A single sample FL Count file is automatically produced by the Iso-Seq With Mapping pipeline in SMRTLink/SMRTAnalysis with the following format:
#
# -----------------
# Field explanation
# -----------------
# count_fl: Number of associated FL reads
# norm_fl: count_fl / total number of FL reads, mapped or unmapped
# Total Number of FL reads: 1065
#
pbid count_fl norm_fl
PB.1.1 2 1.8779e-03
PB.1.2 6 5.6338e-03
PB.1.3 3 2.8169e-03
PB.2.1 3 2.8169e-03
PB.3.1 2 1.8779e-03
PB.4.1 8 7.5117e-03
A multi-sample FL Count file produced by the chain_samples.py script in Cupcake will have the following format:
superPBID | sample1 | sample2 |
---|---|---|
PB.1.2 | 3 | NA |
PB.2.1 | 2 | NA |
PB.3.1 | 2 | 2 |
PB.3.2 | 5 | 3 |
PB.3.3 | 5 | 2 |
This is a tab-delimited file.
A multi-sample Demux FL Count file produced by the demux_isoseq_with_genome.py script in Cupcake will have the following format:
id,sample1,sample2
PB.1.1,3,10
PB.1.2,0,11
PB.1.3,4,4
This is a comma-delimited file.
For each sample provided through the --fl_count
option, sqanti3_qc.py
will create a column in the *_classification.txt
output file that is FL.<sample>
. Note that this is the raw FL count provided. The sum of all the FL reads accross the samples associated to one transcript will be recorded in th FL
column of the *_classification.txt
output file.
When plotted, the script SQANTI3_report.R will convert the FL counts to TPM using the formula:
raw FL count for PB.X.Y in sample1
FL_TPM(PB.X.Y,sample1) = ------------------------------------- x 10^6
total FL count in sample1
Two additional columns, FL_TPM.<sample>
and FL_TPM.<sample>_log10
will be added and output to a new classification file with the suffix *_classification_TPM.txt
. Please, do not mix up *_classification_TPM.txt
and *_classification.txt
files. The one used in subsequent scripts (filtering, future isoAnnot, etc.) will be the _classification.txt
one. A detailed glossary of classification file columns can be found here.

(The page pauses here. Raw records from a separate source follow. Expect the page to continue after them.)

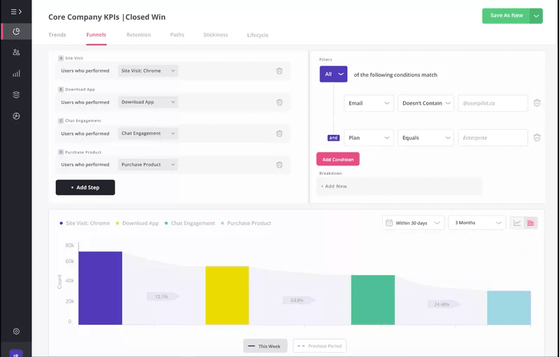 You can utilize these reports to understand your users better and gain product insights. To add to that, Userpilot also provides funnel analysis to offer you more actionable analytics.
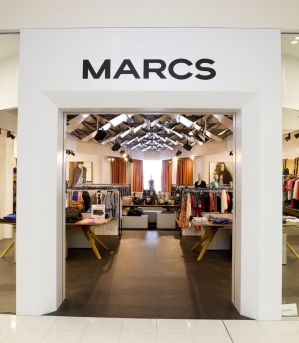 a9c61e6eacd618365bc27d7dac0cb771_f216“The crux of the Marcs concept was to create a dynamic, neo-modern, effortless interior language,” said Simpson. “The key components are simple veneered panels — which provide a completely flexible merchandising system — solid oak tables, a family of linoleum and Alucobond® plinths, free-standing metal racks and, of course, the signature ceiling. Each ceiling panel is formed from folded Dibond and suspended in formation to create a dynamic and bespoke design.”
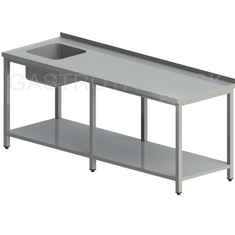 Umývací stôl s drezom a policou dlhý, hĺbka 600, 700, 800 mm, šírka 2000 - 2800 mm, výška stola štandardne 850 mm ▪ bez lemu ▪ vrch police 150 mm od zeme ▪ nosnosť police 50 kg. Drez lisovaný 400x400x250 mm, bez otvoru na batériu
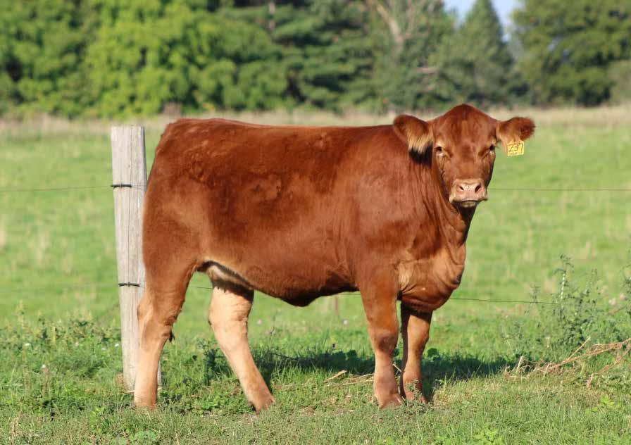 242J is a beautifully made eye catching female from front to back. This homo polled daughter of Wulfs Compliant is out of an outstanding Wulfs Bank Robber female that’s quickly making her way to the top of the herd. The Complaint daughters are turning into some great milking mama cows. She sells safe for a January calf to the exciting new AI sire Royal Jester.

The following options are available:
-
max
(default): uses the maximum value among the short-read samples and replicates supplied. -
mean
: mean value of samples and replicates is used. -
median
: median value of samples and replicates is used. -
3rd quartile
: the 3rd quartile value of samplesl and replicates is used.

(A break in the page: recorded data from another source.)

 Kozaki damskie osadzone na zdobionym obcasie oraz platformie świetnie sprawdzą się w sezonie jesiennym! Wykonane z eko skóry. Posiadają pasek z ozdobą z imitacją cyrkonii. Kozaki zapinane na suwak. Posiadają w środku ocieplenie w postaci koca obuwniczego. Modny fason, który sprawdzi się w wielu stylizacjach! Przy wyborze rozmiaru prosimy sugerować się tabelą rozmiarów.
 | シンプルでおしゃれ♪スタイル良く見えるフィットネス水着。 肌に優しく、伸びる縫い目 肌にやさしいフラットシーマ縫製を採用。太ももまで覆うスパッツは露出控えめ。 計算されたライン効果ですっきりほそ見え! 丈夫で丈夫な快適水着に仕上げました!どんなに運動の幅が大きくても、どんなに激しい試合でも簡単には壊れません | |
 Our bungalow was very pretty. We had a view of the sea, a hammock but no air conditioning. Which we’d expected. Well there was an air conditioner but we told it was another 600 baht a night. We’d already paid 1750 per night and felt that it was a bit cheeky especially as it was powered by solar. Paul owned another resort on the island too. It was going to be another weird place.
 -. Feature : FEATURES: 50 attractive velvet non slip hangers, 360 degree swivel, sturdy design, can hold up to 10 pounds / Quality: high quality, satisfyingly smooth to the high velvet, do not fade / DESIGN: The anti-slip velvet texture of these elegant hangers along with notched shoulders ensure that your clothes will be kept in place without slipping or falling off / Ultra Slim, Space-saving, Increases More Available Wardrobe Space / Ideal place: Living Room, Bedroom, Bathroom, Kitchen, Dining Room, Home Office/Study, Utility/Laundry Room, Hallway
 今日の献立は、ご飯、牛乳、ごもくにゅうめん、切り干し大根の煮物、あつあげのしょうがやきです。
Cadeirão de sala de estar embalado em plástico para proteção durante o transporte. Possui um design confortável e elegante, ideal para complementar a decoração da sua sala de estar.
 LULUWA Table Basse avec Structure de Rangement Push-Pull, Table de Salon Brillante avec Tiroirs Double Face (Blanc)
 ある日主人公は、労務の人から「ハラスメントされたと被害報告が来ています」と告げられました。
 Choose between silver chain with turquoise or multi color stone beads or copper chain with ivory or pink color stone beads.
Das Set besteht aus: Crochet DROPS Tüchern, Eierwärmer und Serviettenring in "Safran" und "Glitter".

When aiming to discover novel and/or rare TSS, this metric will ensure that underrepresented sites will not be disregarded just because they are only captured in one sample. median
and 3rd quartile
, on the other hand, allow the user to enforce different levels of robustness, preventing the metric from being driven by outliers and favoring widely-detected TSS to be preserved after QC. mean
values, on the other hand, provide a balance between both scenarios in situations in which the degree of TSS novelty of the sample is unknown.
If you want IsoAnnotLite to perform positional transfer of functional features, you will also need to provide a pre-annotated tappAS GFF3 file via the --gff3
argument. By doing this, functional feature information will be added to your long read-defined transcriptome, unlocking tappAS functional and feature-level analyses. You can find all functional annotation files available for tappAS here.
Note that, if no pre-annotated tappAS GFF3 file is provided (e.g. because there is no file available for your species), IsoAnnotLite will only perform structural information transfer, but a tappAS-like GFF3 file containing this structural information will still be generated. Therefore, in this case, users will still be able to load their data into tappAS for isoform-level expression analyses.
- The
-t
(--cpus
) parameter designates the number of CPUs used by the aligners for long and short reads. If your have supplied your transcriptome a GTF file and you do not provide short-read FASTA/FASTQ files, the-t
option has no effect. - The
-n
(--chunks
) parameter divides the input transcriptome (GTF or FASTA/FASTQ) into chunks and runs SQANTI3 in parallel for each fragment, then combining the results into one classification and junctions file.
Note that both of this parameters can be combined, for instance, if you have set -t 30 -n 10
, then each chunk will get (30/10=3) CPUs.